Firstly, I tried to implement this serde using Avro4s. I got this compiled pretty easily by ensuring that the generic type was context bound to FromRecord and RecordFrom, however both FromRecord and RecordFrom aren't serializable therefore I can't use this serde in Flink.

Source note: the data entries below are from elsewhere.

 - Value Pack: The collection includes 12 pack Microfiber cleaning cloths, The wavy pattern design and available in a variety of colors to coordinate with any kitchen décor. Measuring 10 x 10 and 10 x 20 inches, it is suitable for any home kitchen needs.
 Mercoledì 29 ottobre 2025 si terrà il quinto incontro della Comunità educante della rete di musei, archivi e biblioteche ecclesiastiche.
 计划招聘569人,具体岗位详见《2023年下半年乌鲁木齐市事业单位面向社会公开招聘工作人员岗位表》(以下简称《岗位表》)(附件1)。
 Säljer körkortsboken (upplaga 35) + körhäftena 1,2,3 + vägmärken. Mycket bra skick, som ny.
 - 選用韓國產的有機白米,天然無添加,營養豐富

Currently, I'm trying a different library shapeless-datatype which also uses shapeless. My current code looks like this:

class Serializer[T : TypeTag : ClassTag] {

  //Get type of the class at run time
  val inputClassType: Class[T] = classTag[T].runtimeClass.asInstanceOf[Class[T]]

  //Get Avro Type
  val avroType = AvroType[T]

  def serialize(value : T) : Array[Byte] = {
    var schema: Schema = null

    if (classOf[SpecificRecordBase].isAssignableFrom(inputClassType)) {
      schema = inputClassType.newInstance.asInstanceOf[SpecificRecordBase].getSchema
    } else {
      schema = ReflectData.get().getSchema(inputClassType)
    }

    val out: ByteArrayOutputStream = new ByteArrayOutputStream()
    val encoder: BinaryEncoder = EncoderFactory.get().binaryEncoder(out, null)
    var writer: DatumWriter[GenericRecord] = new GenericDatumWriter[GenericRecord](schema)

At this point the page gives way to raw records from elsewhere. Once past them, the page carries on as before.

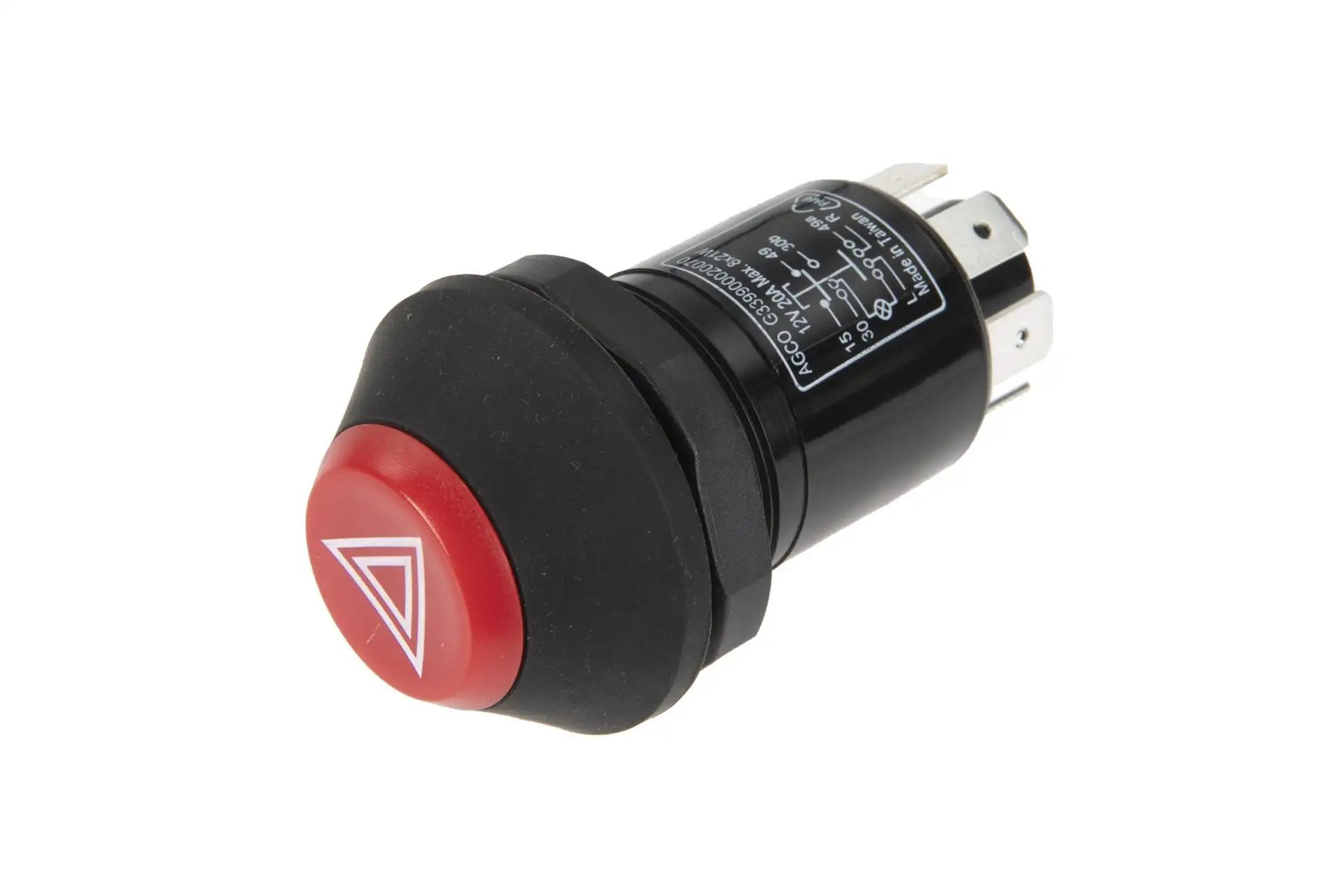 Oryginalny włącznik świateł awaryjnych o numerze katalogowym G339900020070, stosowany w maszynach rolniczych marki Fendt.
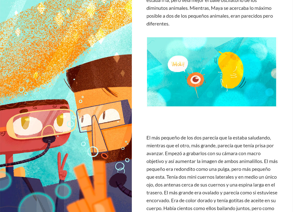 Illustrations for a short story for Principia KIDS web about discovering balanus, small creatures that live in the sea.
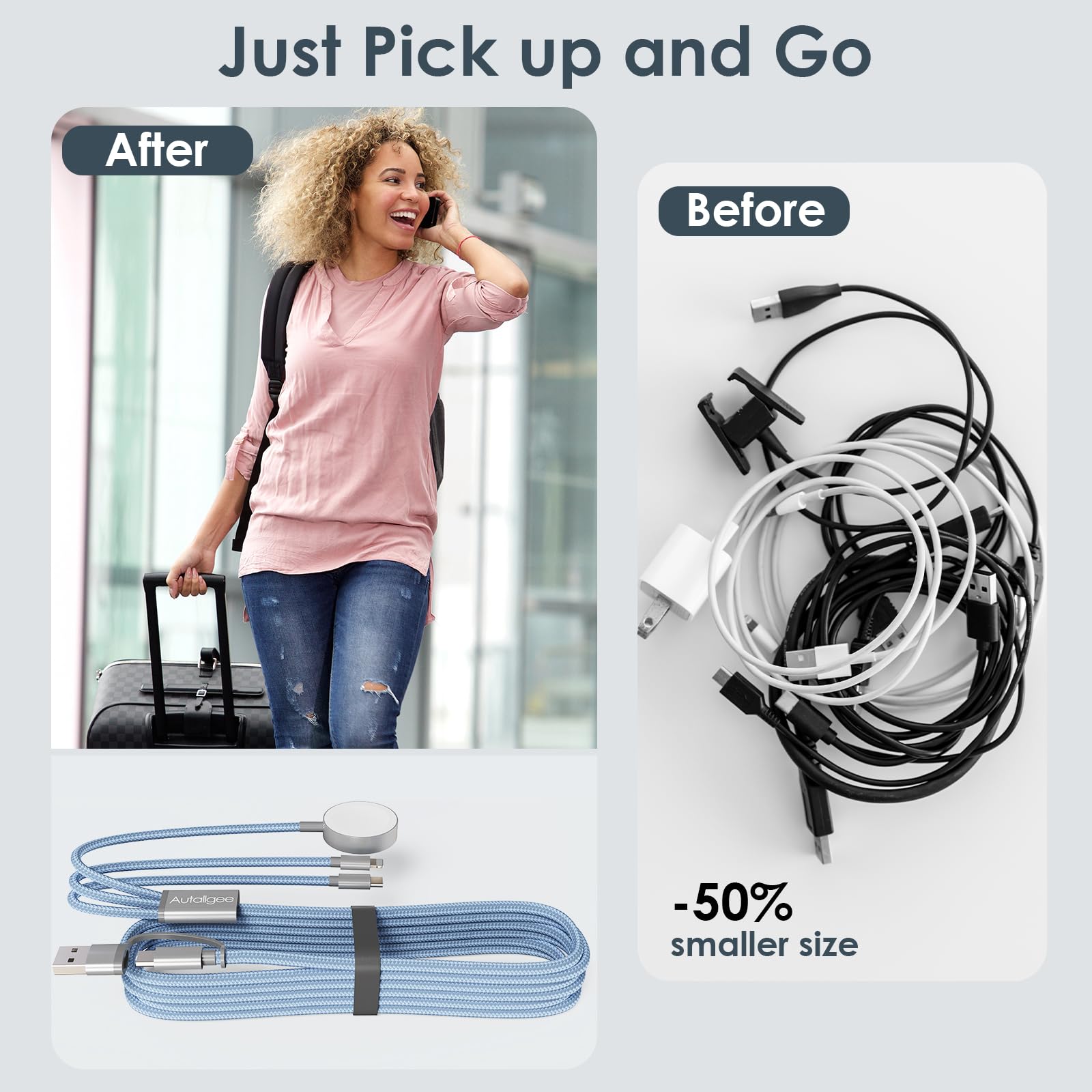 【Thoughtful Gifts & Travel Gadget 】This is a great gift for birthdays, Thanksgiving and Christmas.An essential accessory for AppL-e enthusiasts.It is the perfect present for anyone who owns both an App-le Watch and an Phone, providing convenience and style in one package.Charging the whole family in the car requires such a cable.

    val genericRecord = avroType.toGenericRecord(value)

    writer.write(genericRecord, encoder)
    encoder.flush()
    out.close()

    out.toByteArray
  }

  def deserialize(message: Array[Byte]) : T = {
    var schema: Schema = null

    if (classOf[SpecificRecordBase].isAssignableFrom(inputClassType)) {
      schema = inputClassType.newInstance.asInstanceOf[SpecificRecordBase].getSchema
    } else {
      schema = ReflectData.get().getSchema(inputClassType)
    }

    val datumReader = new GenericDatumReader[GenericRecord](schema)
    val decoder = DecoderFactory.get().binaryDecoder(message, null)

    avroType.fromGenericRecord(datumReader.read(null, decoder)).get
  }


}

So basically I create an AvroType[T] which has two methods fromGenericRecord and toGenericRecord (source). Those methods require some implicits: LabelledGeneric.Aux[A, L], ToAvroRecord[L], tt: TypeTag[A] and fromL: FromAvroRecord[L].

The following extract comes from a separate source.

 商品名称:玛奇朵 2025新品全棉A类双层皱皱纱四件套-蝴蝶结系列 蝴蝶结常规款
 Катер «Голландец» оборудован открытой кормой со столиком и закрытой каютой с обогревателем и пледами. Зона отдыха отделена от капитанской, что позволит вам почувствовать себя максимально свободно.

Currently this code gives compile errors due to missing those implicits:

Error:(48, 51) could not find implicit value for parameter gen: shapeless.LabelledGeneric.Aux[T,L]
  val genericRecord = avroType.toGenericRecord(value)

Simply overloading the implicits from the toGenericRecord and fromGenericRecord methods doesn't solve it because then I need to parameterize serialize[L <: Hlist] and deserialize[L <: Hlist] which I can't do because Flink doesn't allow these methods to have types.

I have little experience with both shapeless and implicits to understand which context bounds I need to solve this, while also keeping this class serializable.

Hope someone can help or point me to some useful resources.

Thanks, Wouter

EDIT

I can't pass implicits through the methods nor make them parametrized, since I need to base the serde on serialization interfaces of Flink, which forces me to override: byte[] serialize(T element) and T deserialize(byte[] message)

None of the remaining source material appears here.